Natural convection of nanofluid-filled annulus with cooled and heated sources and rotating cylinder in the water near the density inversion point
Department of Mechanical Engineering, Center of Computational Energy, Hakim Sabzevari University, Sabzevar, Iran
Accepted: 15 May 2021
Published online: 13 August 2021
Convection heat transfer in an annulus with pair sources and the inner rotating circular cylinder is studied numerically. Cu-water nanofluid is used to fill between the cylinders. Two pair sources (Tc and Th) were placed around outer and inner cylinders, and others were considered adiabatic. The governing equations were solved on a non-uniform computational mesh in the rotating circular cylinder. They were formulated by considering Boussinesq approximation and water near the density inversion point using the finite volume method.

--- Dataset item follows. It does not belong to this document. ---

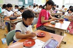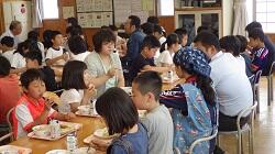 地域学校協議会でお世話になっている皆様をお招きし,ランチルームで会食をしました。給食を久しぶりに食べられた方もいらっしゃり,皆様からとてもおいしかったとの感想をいただきました。子どもたちに囲まれ,味も格別だったようです。

The effects of non-dimensional angular rotational velocity (− 700 ≤ Ω ≤ 700), volume fractions of nanoparticles (0.0 ≤ ϕ ≤ 0.08), different locations of sources, thermal conductivity and dynamic viscosity were investigated. The Rayleigh number and the Prandtl number were fixed at Ra = 105 and Pr = 13.31. The present work was validated by previous experimental (Kuehn and Goldstein, J Fluid Mech 7 4:695–719, 1976) and numerical studies (Abu-Nada et al., Int Commun Heat Mass Trans 35:657–665, 2008; Roslan et al. Int J Heat Mass Trans 55:7247–7256, 2012). The results were presented as the average Nusselt number, thermal conductivity, and dynamic viscosity. They also showed the rotating cylinder, adding nanoparticles, and considering Boussinesq approximation and water near the density inversion point affected improving the heat transfer’s rate. The non-dimensional angular rotational velocity and nanofluid increased the heat transfer rate. Also, results indicated which angular rotational velocity and volume fraction of nanoparticles were useful for the industry and specialize in the reactor.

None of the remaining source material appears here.